Using the South as a proxy for lower incomes and less urban environments is misleading and slightly unfair I reckon.
April 15th, 2009 at 1:38 pm
Steven says “Most of the country thinks the people in the south are backward, ignorant, poor, racist, morons. As a rule, the rest of the country looks down on the south with disdain; they don’t like the deep south and what they perceive it to be. The feeling is mutual.” Cw says “I am a Frenchman. I have found that by subsituting the word ‘retard’ for ’southerner,’ US culture much eaiser to understand.”

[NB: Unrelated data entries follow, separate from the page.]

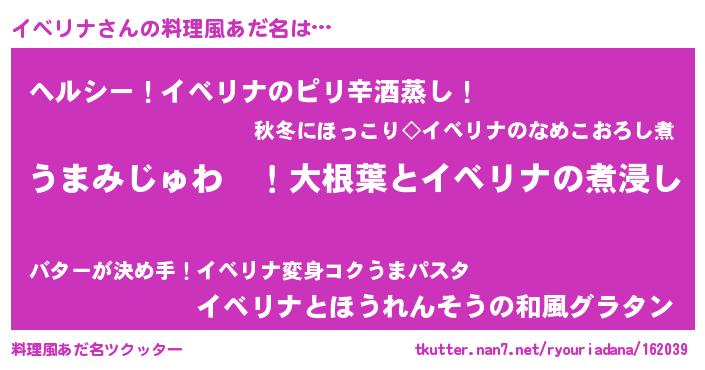 | 恥ずかしいあだ名 | 『イベっちょ』『イベリナデラックス』 |
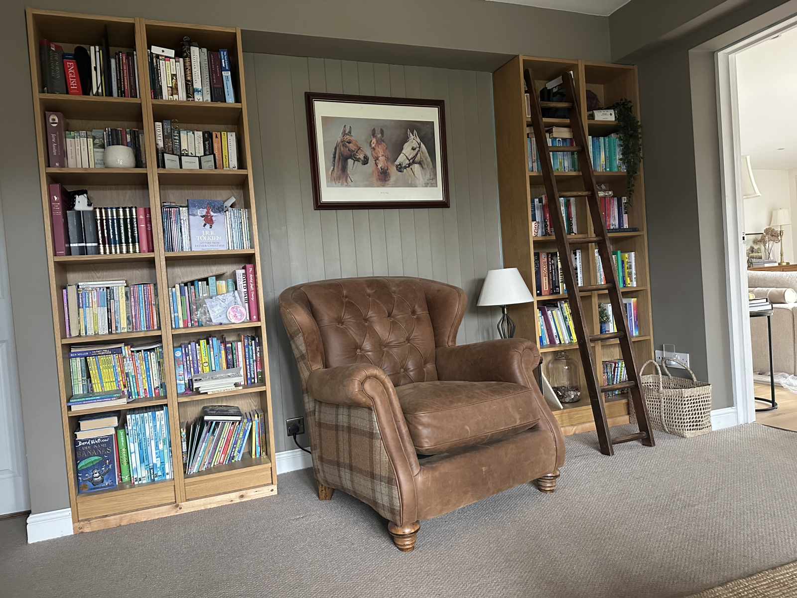 In our cosy snug is a wood burning fireplace, with recliner sofa and library shelves which you’re welcome to browse and borrow books from. This room too has French double doors out to the garden.
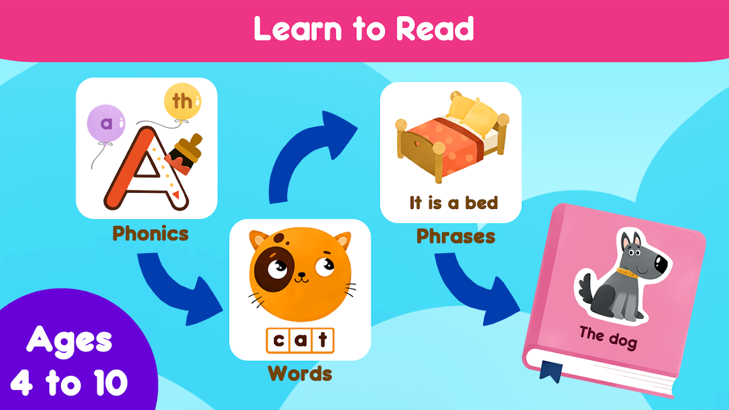 - Phonics Lessons help your child progress from recognizing letters to reading simple books. Features like phonics for kids and ABC games make every activity easy to follow.
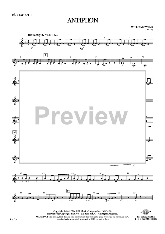 "Antiphon - Bb Clarinet 1" Sheet Music by William Owens
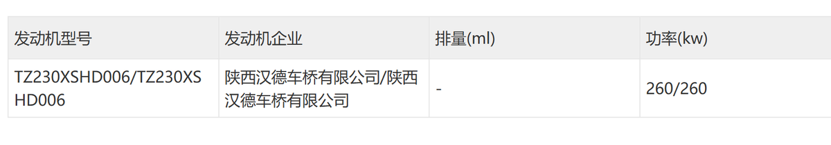 在驱动电机方面,该车采用了汉德自研的电驱桥,配置双车桥双电机布局,电机型号为TZ230XSHD006,峰值功率为260kW,约等于353马力。该车的综合动力输出约为700匹马力,动力系统也可能针对某些重载场景提供单桥双电机的驱动形式。
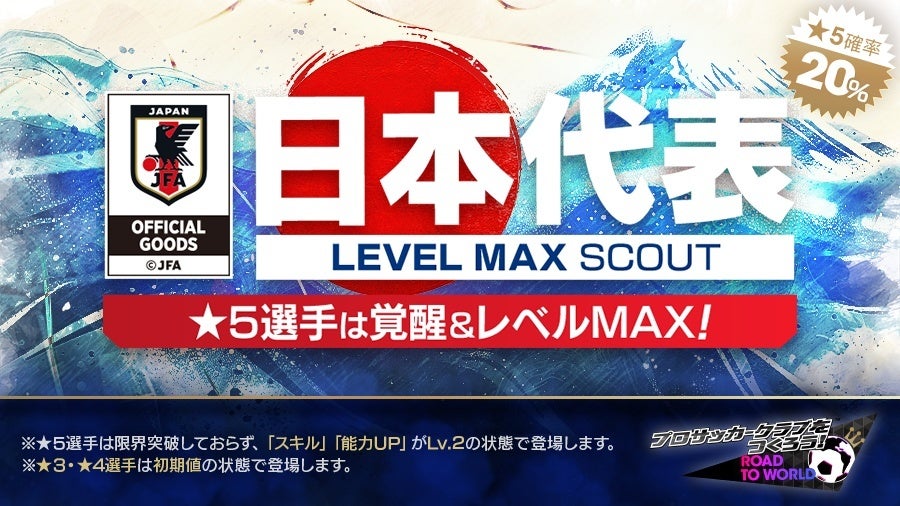 『プロサッカークラブをつくろう! ロード・トゥ・ワールド』新Ver.の日本代表選手が登場する“日本代表LEVEL MAX SCOUT”を開催!

Is there any way to measure how much of the mutual hatred between folks living in cosmopolitan areas like N.Y.C. and areas such as Alabama or West Virginia has to do with the perception that if someone from West Virginia moved to N.Y.C. they would be socially ostracized for being “white trash,” i.e. Appalachian, while if someone from N.Y.C. moved to West Virginia they would similarly be ostracized for not being part of the culturally dominant ethnic group, i.e. they would be ostracized for not being Appalachian?
April 16th, 2009 at 10:06 am
I’ve had the pleasure of spending time in 37 of the states, in the most rural areas imaginable and in the biggest cities, and I’ve spent even more time in chatrooms and message boards discussing issues with people from all over the world. I have found that no matter where I go or who I meet, people from all places have two things in common: 1) other people and places they do not understand are threatening and it is easier to ridicule than to analyze and comprehend and 2) there are plenty of “retards” to go around.
I don’t take offense to the stereotypical characterizations, I mostly just chuckle at the irony of listening to someone who would soil himself in anger and righteous indignation if he heard someone refer to all Mexicans as lazy or all black people as criminals or all Muslims as terrorists or all Frenchmen as surrender-monkeys make the same kind of broad, sweeping, ignorant statement about people from the south.